Сигнал был неясный, непонятный. Тем не менее Дзержинский поручил проверить личность «повара».
Оказался им не кто иной, как Владимир Митрофанович Пуришкевич, главарь российских черносотенцев, один из основателей «Союза русского народа» и крупный бессарабский помещик, владевший тысячами десятин земли. Называли его цепным псом императорского двора, был он представителем самой крайней русской реакции. Он и возглавил первый монархический заговор против Советской республики.
Дзержинский сам руководил расследованием, обыском и арестом Пуришкевича. В ресторане и в квартирах его приспешников захватили оружие, обнаружили сильнодействующие яды, письма, нашли подложные документы, которыми Пуришкевич обменивался с генералом Калединым, бежавшим на юг России.
Дело передали в революционный трибунал. Но трибунал очень мягко отнесся к заговорщикам. Пуришкевича приговорили к четырем годам тюрьмы с освобождением условно через год. Генерала Краснова освободили, взяв с него, как с юнкеров, честное слово, что он не станет бороться против новой власти. Революционный трибунал проявил гуманное отношение к противникам Советской власти, но противники почувствовали безнаказанность и продолжали готовиться к свержению неокрепшего советского строя.
Вскоре Военревком раскрыл другие контрреволюционные организации. Как грибы-поганки, возникали они повсюду, и Дзержинскому приходилось обезвреживать бесчисленных врагов Советской власти. На него свалилось множество самых разных больших и малых дел. То он писал в Лугу, призывая местный Совет «не пропускать в Петроград эшелоны, которые направляются по велению низложенного правительства», то занимался поисками ценностей, похищенных из Зимнего дворца, то давал предписание запретить заседания распущенной городской думы или рассматривал жалобу посетителя, у которого отобрали продовольственные карточки. В Гатчину писал комиссару, просил содействия, чтобы отремонтировать для нужд ревкома автомобиль, брошенный Керенским во время бегства из Петрограда...

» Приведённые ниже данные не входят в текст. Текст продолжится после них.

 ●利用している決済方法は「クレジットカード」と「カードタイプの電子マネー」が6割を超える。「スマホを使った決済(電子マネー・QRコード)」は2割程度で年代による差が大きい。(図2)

Дел было непочатый край всюду, куда ни глянь. Дзержинский безропотно принимал на себя все новые обязанности. Недели через три после переворота его назначили членом коллегии Народного комиссариата внутренних дел.

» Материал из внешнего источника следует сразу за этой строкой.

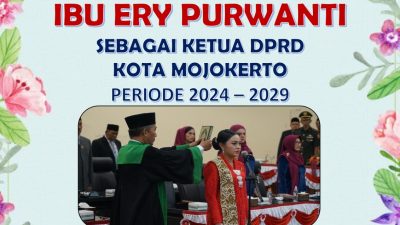 Dinas Pendidikan dan Kebudayaan Kota Mojokerto Mengucapkan, “Selamat & Sukses Atas Pelantikan Sumpah Jabatan Ibu Ery Purwanti sebagai Ketua DPRD Kota Mojokerto”

Но пока наркомата не существовало. Было только громадное здание, запертое на ключ сторожем-швейцаром. Где находился сторож, никто не знал. А сотрудники бывшего министерства участвовали в бойкоте новой власти и перестали ходить на службу. Саботаж государственных служащих распространился на весь Петроград. Здесь тоже не обошлось без контрреволюционных происков. В особняке графини Паниной арестовали еще одного заговорщика. Он возглавлял стачечный комитет государственных служащих. Этот комитет и руководил саботажем в государственных учреждениях. Чиновникам выплатили вперед жалование и приказали не выходить на работу.

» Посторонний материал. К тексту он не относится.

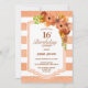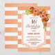 Striped Orange Floral 16th Birthday Dinner Party Invitation

Чиновники не признавали Советской власти. Их нарочитая бездеятельность — в продовольственном снабжении, в банковской системе, на транспорте — грозила парализовать республику, ввергнуть ее в хаос, в анархию. На то и рассчитывали организаторы бойкота.
Новые члены коллегии Наркомата внутренних дел — Дзержинский, Петровский, Урицкий отправились к месту службы. Пришли утром, но наткнулись на запертые двери. Стучали, звонили — никакого ответа. Наконец по ту сторону зеркальной двери появился швейцар. Члены коллегии показали ему через стекло свои мандаты, выданные Совнаркомом, но на швейцара бумаги не произвели впечатления.
— Не велено пущать! — прокричал он, разглядывая с безразличным видом настойчивых посетителей. Голос его едва доносился сквозь тяжелую дверь.
Старик стоял в ливрее, расшитой золотыми галунами, бородатый и представительный. Складывалась трагикомическая обстановка. Феликс начинал нервничать, Урицкий посмеивался. Швейцар все раздумывал, отпирать дверь или нет. Он сходил за ключом, снова поразмышлял и наконец открыл дверь, предупредив, что «господа хорошие» в случае чего должны за него заступиться перед начальством. Прибывших членов коллегии за начальство он не признавал.
В громадном здании их встретили запертые столы, шкафы, гулкие комнаты.
Через день-другой стали появляться служащие — курьеры, уборщицы, кто-то из мелких чиновников. Но пользы от них было мало. Члены коллегии с утра и до вечера разбирались с делами. Работали голодные — столовая помещалась в Смольном, ходить туда было далеко, да и не хотелось терять времени.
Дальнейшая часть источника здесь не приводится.